Noto in un prato dei blocchi cementizi che sembrano resti di un colonnato, ma è impossibile. Scendo dall’argine per leggere la lapide e scopro che è un residuo di Bonifica del 1877: un sito di archeologia agraria molto insolito. L’unica cosa che capisco da sola è che i reperti sono in asse col ponte della chiusa, una sua prosecuzione. Per fortuna c’è il wi-fi e posso leggere che si tratta del Sostegno del Brian un’opera a difesa delle Valli bonificate, dal montare delle maree in caso di scirocco. Quello che resta sono le basi, come plinti di colonne in un tempio greco: il tempio alla Dea Bonifica.
Le paratoie della chiusa, ormai degradata allo stremo, ma di grande fascino
Mentre fotografo, nell’obiettivo entra esattamente una immagine dal Passato, il mio: stessa foto fatta nello stesso luogo, oltre vent’anni fa (26). Le case sull’altra sponda sono state restaurate (c’è un agriturismo?) e spicca un minuscolo oratorio bianchissimo che non ricordavo, perché era grigio quasi nero. Il Turismo ha salvato qualcosa e ha tirato fuori dal nulla del Degrado ciò che si era inghiottito. C’è un cartello della Regione che riferisce di lavori in corso sulla cosiddetta Litoranea Veneta (la via navigabile che dovrebbe unire tutta la costa adriatica, dal Po alla Slovenia). Se giro le spalle al trivio di canali (e alla chiusa) i bracci della conca puntano dritto verso la mitica Idrovora del Termine, che ho visto anche da vicino, girolando intorno ad Eraclea. Anche lei era nelle mie foto del 1995, ma adesso è restaurata. Le migliori foto delle Idrovore sono quelle di Francesco Finotto, di fronte alle quali il mio obiettivo si inchina.

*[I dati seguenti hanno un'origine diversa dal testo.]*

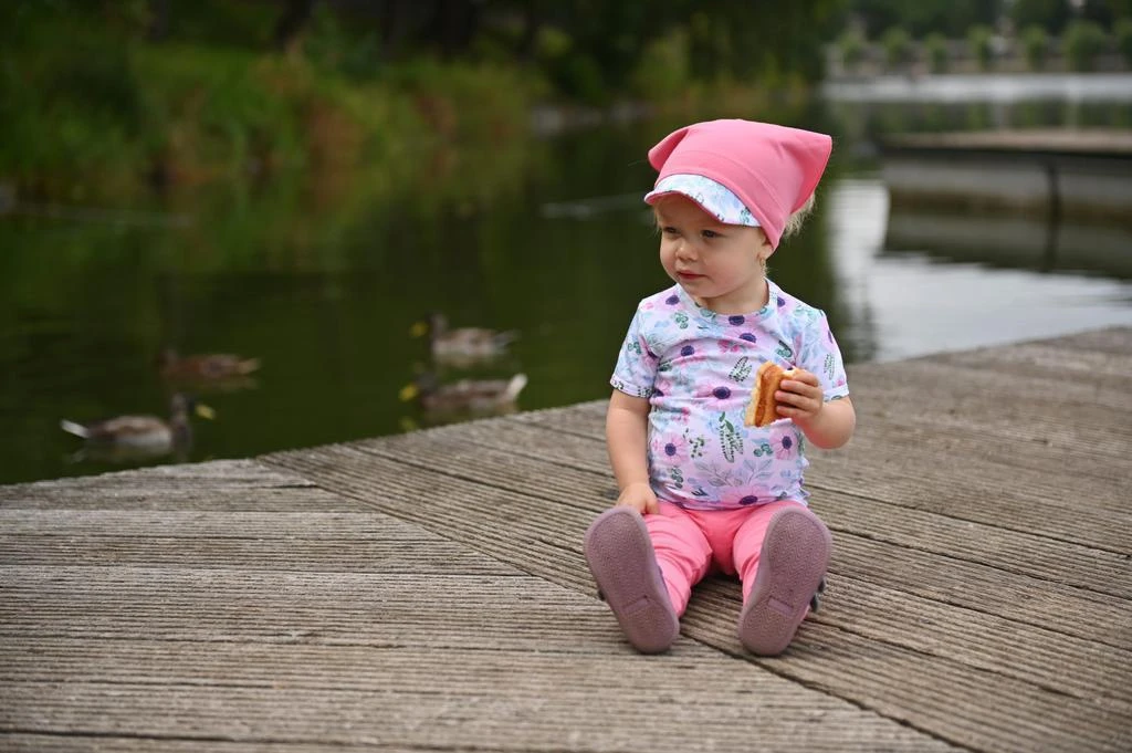 Materiál je vhodný i pro děti s problematickou pokožkou, ať už se jedná o alergiky, či děti s atopickým ekzémem. Nevyvolává alergické reakce a je odolný vůči plísním a bakteriím, snižuje riziko vzniku potniček. Na přání zákazníků jsme šátek doplnili o kšilt. Je určen pro jarní a letní období. Chrání hlavičku a ouška nejen před větrem, ale také před horkými slunečními paprsky.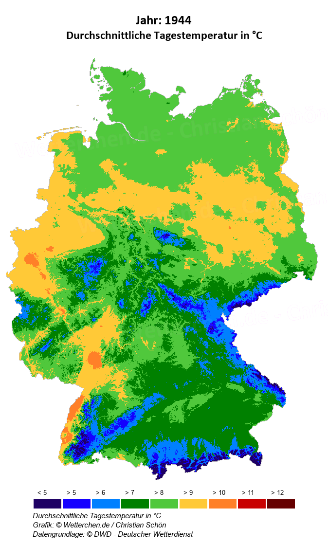 1944 - Durchschnittliche Tagestemperatur in °C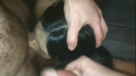 Милейшее создание напилось со своими друзьями и совсем потеряло голову. Ладно, когда они шутили на пошлые темы, другое дело когда они перешли к реальным действиям. При выключенном свете, ее красивое лицо мечется от одного пениса к другому, пытаясь проглотить как можно глубже. Тушь уже понемногу слиплась на длинных ресницах, но это никак не мешает настоящей шлюхе отсасывать сразу двум мужикам, наперебой подставляющим свои полувялые чресла для минета брюнетке и снимающим сверху на камеру с "прожектором".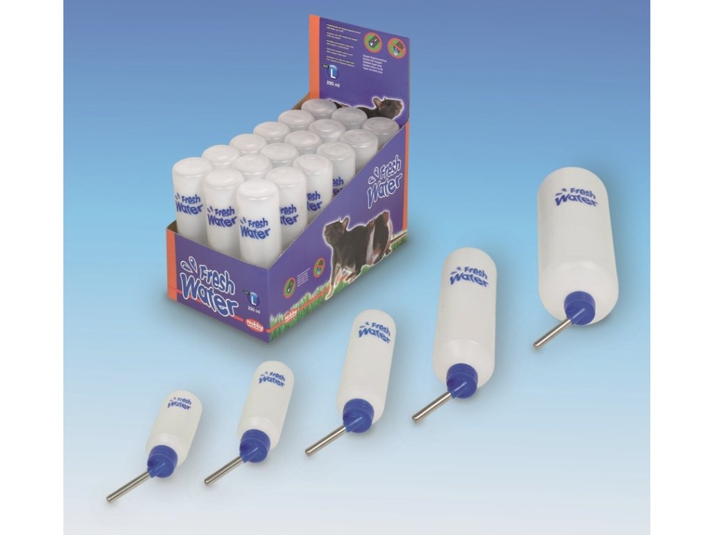 Plastová napaječka pro hlodavce. Dvojitý kulíčkový uzávěr. S drátovým držákem. Objem 150ml.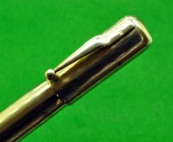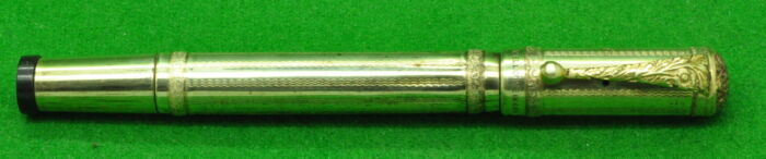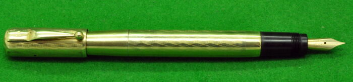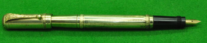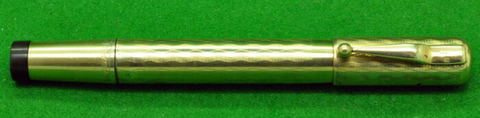 Italian Safety Pen in 18kt gold fill, wave pattern. Marked “Sperial Super 18KR”In Perfect Condition but with some small areas of brassing.. Fitted with the original 14kt gold full flex fine tipped nib . Measures 122 mm long capped. All new Seals fitted – works perfectly and does not leak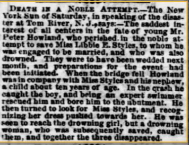 A week before their planned wedding on a Sunday morning 8 September 1870, over 500 men, women and children from the Centenary Church left by train at 6:30 a.m. for a clam bake at Tom’s River, Ocean County, New Jersey. On their arrival at the depot, they began to saunter leisurely across the bridge in groups. Only a few made it over with another 60 on the bridge when it collapsed and over half of these terrified mostly children were thrown into the water. As is usual in such cases, there were striking instances of heroism. Peter Howland who had been on the bridge and was also thrown into the water, saw his 11-year-old nephew struggling to stay alive. Peter swam to him and upon reaching shore with him, turned and saw his Libbie struggling.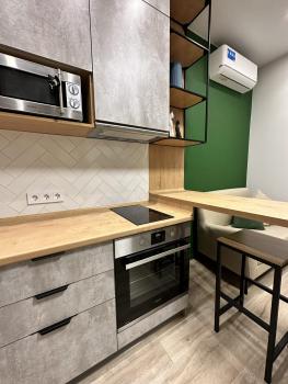 Сдается уютная и комфортная студия в новом, престижном районе. Дизайнерский ремонт осуществлялся максимально продумано, для удобного проживания. Можно сказать, для себя. В студии имеется все необходимое: дизайнерская мебель с большим количеством мест хранения, кондиционер, ТВ, интернет, плита, печь, вытяжка, микроволновая печь, холодильник, домофон, стиральная машина, душевая кабина, гигиенический душ, водонагреватель.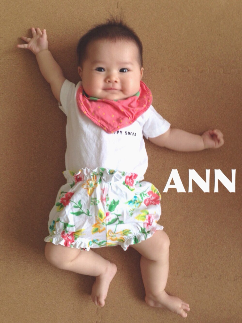 babyGAPのかぼちゃぱんつコーデ❤︎ 夏っぽい柄が可愛い😋ヘビロテ中🌴 お得意のお手上げポーズ\( °∀° )/

Torno verso Venezia, vedo qualche rete a bilancia, come nel 1995. Ormai prossima ad Altino, sulla SS14 noto che la pandemia ha ritardato la manutenzione delle rive: i canneti stanno raggiungendo altezze mai viste, superano i rami più alti degli alberi e sono costretti a piegarsi. Una cortina disordinata, confusa, che nasconde i canali, invece di orlarli come una passamaneria d’oro, da abito di cortigiana. Vi faccio notare che nella lapide del Brian, Eraclea si chiama Grisolera: le grisioe sono le cannucce palustri utilizzate un tempo in edilizia, per trattenere meglio gli intonaci. Se ne trovano quando si fanno restauri, sia a Venezia che in campagna, non solo nei muri ma anche nei solai. Tanto per insistere su queste terre, di qua dal Mare e tra i fiumi (Girolo San Gaetano).